#### Assigned task
Leave the images out. Give every line below again, precisely.
[Excerpted data Boundary: Start]
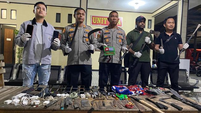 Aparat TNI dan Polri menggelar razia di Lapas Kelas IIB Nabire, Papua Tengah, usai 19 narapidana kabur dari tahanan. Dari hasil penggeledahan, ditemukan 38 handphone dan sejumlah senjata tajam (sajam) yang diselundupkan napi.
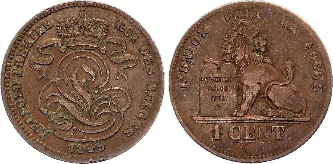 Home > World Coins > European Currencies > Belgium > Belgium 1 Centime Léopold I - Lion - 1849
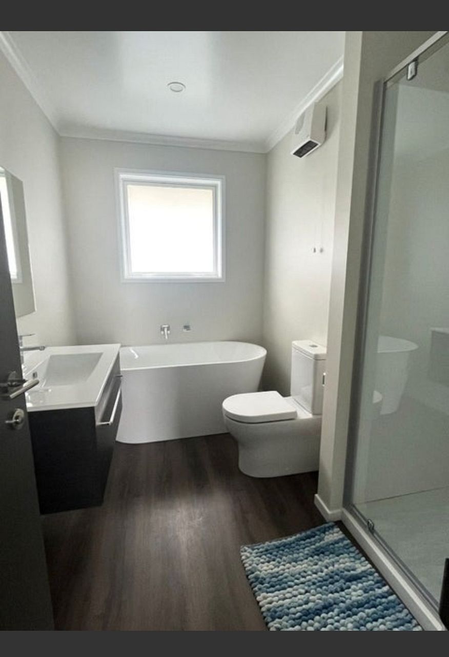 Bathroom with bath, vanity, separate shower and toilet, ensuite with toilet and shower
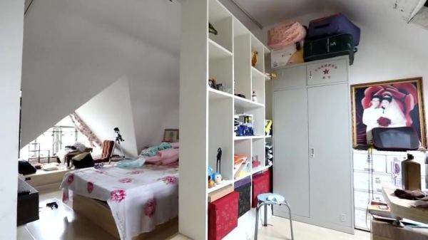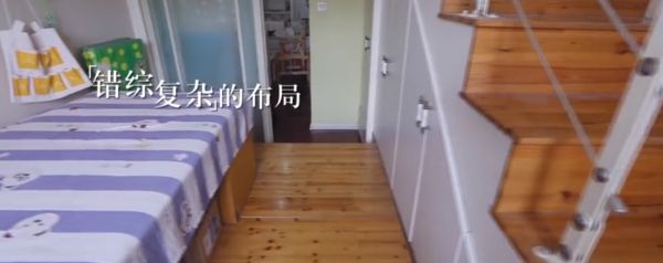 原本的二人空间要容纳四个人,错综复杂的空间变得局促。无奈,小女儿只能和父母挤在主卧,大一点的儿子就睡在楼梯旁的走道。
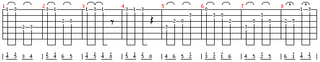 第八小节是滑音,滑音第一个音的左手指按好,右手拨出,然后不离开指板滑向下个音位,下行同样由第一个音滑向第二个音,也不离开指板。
[Excerpted data Boundary: End]
#### Task response
 Aparat TNI dan Polri menggelar razia di Lapas Kelas IIB Nabire, Papua Tengah, usai 19 narapidana kabur dari tahanan. Dari hasil penggeledahan, ditemukan 38 handphone dan sejumlah senjata tajam (sajam) yang diselundupkan napi.
 Home > World Coins > European Currencies > Belgium > Belgium 1 Centime Léopold I - Lion - 1849
 Bathroom with bath, vanity, separate shower and toilet, ensuite with toilet and shower
 原本的二人空间要容纳四个人,错综复杂的空间变得局促。无奈,小女儿只能和父母挤在主卧,大一点的儿子就睡在楼梯旁的走道。
 第八小节是滑音,滑音第一个音的左手指按好,右手拨出,然后不离开指板滑向下个音位,下行同样由第一个音滑向第二个音,也不离开指板。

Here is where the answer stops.